Twenty minutes later, I'm ready for a drink. The Black Dirt Bourbon Barn sells on tap, by the bottle, or has booze to bring home. It's all from the local area, and I sit down with an IPA and shot of gin (total price, with tip, is $14).
The bus is waiting for the trip back to the airport (journey time about 15-20 minutes) for the later flight. The airport is small, but it's got none of the stress or long hikes you suffer in big terminals.
Check-in is a stone's throw from the bus stop, and even the TSA security staff have smiles on their faces (a rarity in itself).
After security, there's an all-in-one bar-sweet shop-burger joint, and a small duty free area (cigarettes at $47 for a pack of 200; with deals for multiple buys).
It's a quiet airport, and the atmosphere is pleasantly chilled, with some really nice staff and none of the crowds of New York's larger airports.
Delayed for 30 minutes, the Norwegian flight is ready for takeoff. No exit row seat this time, so it's a bit tighter in row 17 but the food is served within 45 minutes of getting airborne, and a glass of red wine knocks me out. The flight home's a short five hours 45 minutes and I wake up over Howth.
9am Irish time
I've got my bag, and leaving Dublin Airport. Credit card? A little lighter. Case? A lot heavier. Jet lag? None.
A day trip is very do-able, and the airport experience at both ends takes away a lot of the pain of flying. Definitely one for the bucket list, but do also think about spending a few days longer in the area, with shop-and-stay packages also available in a region that's known for its cute towns, state parks and stunning scenery that's close to, but a world away, from the concrete jungle of Manhattan.
As old Frank Sinatra himself used to say, it's up to you, New York, New York.
Norwegian flies double daily service direct from Dublin to New York Stewart International Airport. Fares start from €129 one way, or €219 return including all taxes and charges. To book visit norwegian.com/ie or call 0330 828 0854.
If you want a few more frills on the journey, from €65 each way you can add meals, checked luggage and seat reservation at time of booking. Hand baggage is a maximum 55x4-x23cm and one small personal item (max 25x33x20cm), which combined weigh 10kg. It costs €35 if you pre-book a bag online, and it's essential to have an empty case on the outbound leg if you want a real shopping experience.
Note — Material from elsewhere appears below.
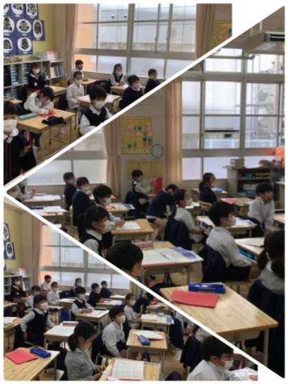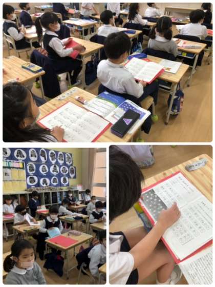 まだまだ元気に歌うことはできませんが、覚えることはできます。1年生が校歌を歌う機会がなく、ただいま学習中です。
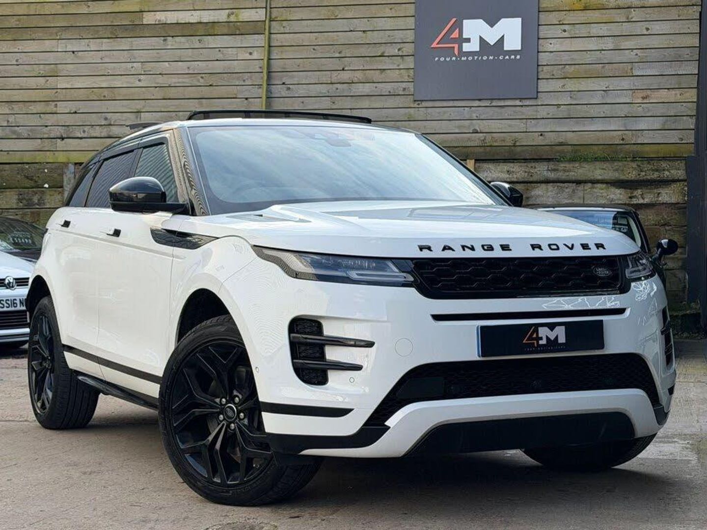 Sliding Panoramic Roof Including Powered Blind, Head-Up Display, Fuji White, Drive Pack, Privacy Glass, Black Exterior Pack, 20in Alloy Wheels - 5 Split-Spoke - Style 5079 - Gloss Black, 14-way - Heated Electric Memory Front Seats, 20in Alloy Wheels - 5 Split-Spoke - Style 5079 - Gloss Sparkle Silver, 360 Degree Parking Aid, 40-20-40 Split Fold Rear Seat, ABS - Anti Lock Braking System, ATPC - All Terrain Progress Control, Airbags - Driver Knee, Airbags - Front - Driver and Front Passenger, All Season Tyres, Ambient Interior Lighting, Android Auto, Apple CarPlay, Auto-Dimming Interior Rear View Mirror, Auto-Dimming Power Fold - Heated Door Mirrors with Memory and Approach Lights, Automatic Headlight Levelling, Automatic Headlights, Autonomous Emergency Braking, Black Gearshift Paddles, Bluetooth Connectivity, Body Coloured Roof, Brake Pad Wear Indicator, Bright Metal Pedals, Carpet Mats, Chrome Treadplates, Clear Exit Monitor, Cruise Control and Speed Limiter, Customer Configurable Autolock, DAB - Digital Audio Broadcast, DSC - Dynamic Stability Control, Driver Condition Monitor, EBA - Emergency Brake Assist, EBD - Electronic Brake-Force Distribution, EPAS - Electronic Power Assisted Steering, ETC - Electronic Traction Control, Efficient Driveline, Electric Parking Brake, Electric Windows with One-Touch Open-Close and Anti-Trap, Evoque and R-Dynamic Badge, Flush Deployable Door Handles, Front and Rear Animated Directional Indicators, HDC - Hill Descent Control, Headlights - Automatic High Beam Assist, Headlining - Ebony Morzine, Heated Rear Window with Timer, Hill Launch Assist, InControl - Remote App, InControl Apps, Interactive Driver Display, Intrusion Sensor, Lane Keep Assist, Leather Steering Wheel, Locking Wheel Nuts, Low Traction Launch, Manually Adjustable Steering Column, Navigation Pro, Overhead Lighting Console, Overhead Stowage for Sunglasses, P200 Badge, Park Assist, Passive Front Headrests, Passive Suspension, Power Operated Child Locks, Power Socket Pack 1, Powered Tailgate, Premium LED Headlights with Signature DRL, Pro Services and Wi-Fi Hotspot, Push Button Start, R-Dynamic Exterior Pack, RSC - Roll Stability Control, Rain Sensing Windscreen Wipers, Rear Air Vents, Rear Fog Lights, Rear ISOFIX, Rear Traffic Monitor, Rear View Camera, SE Badge, Seat Belt Reminder, Seats - Rear Centre Head Restraint, Side Curtain Airbags and Thorax, Smart Settings, Sound System, Standard Roof, Sun Visors - Illuminated Vanity Mirrors, TPMS - Tyre Pressure Monitoring System, Tailgate Spoiler, Terrain Response 2, Torque Vectoring, Touch Pro Duo, Traffic Sign Recognition and Adaptive Speed Limiter, Trim Finish - Gradated Linear Dark Aluminium, Twin Front Cupholders with Cover, Twin Sliding Front Centre Armrest, Two-Zone Climate Control, Tyre Repair System, Voice Control, Windscreen - Heated, Windscreen Washer Jets - Heated

Top tip? There are drop-down TVs, but download your own movies from the likes of Netflix and watch them on-board on your own tablet or phone. Or bring a book, or whatever you need to pass the time.
There's no on-board map, but the chirpy pilots were good at telling you your route, and what part you're travelling over. Planes should have on-board wifi by the end of the year, so keep an eye on this column in the coming months for updates on speed and prices.
Getting to Woodbury Common
The Coach USA bus service to the Woodbury Common outlet mall is bookable on the Norwegian website for $20 return. It's fast, reliable and, while patchy, there's a bit of wifi on-board too.
Woodbury Common Premium Outlets attracts shoppers from all over the world. Half of China seemed to be there when I visited, buying up stacks of clothes like they were going out of fashion. The best days to visit are Tuesday and Wednesday, when the mall is quiet and you can shop at your leisure.
Top tip: When you arrive, be sure to pick up a mall map and Savings Passport booklet. It's also worth noting (and I only found out back in Ireland) that with your receipts you'll also get more money off vouchers if you return to the store in the same day.
Shop-and-stay packages in the area are also available on the mall website, and the local area has a new casino and is soon getting its own Legoland theme park.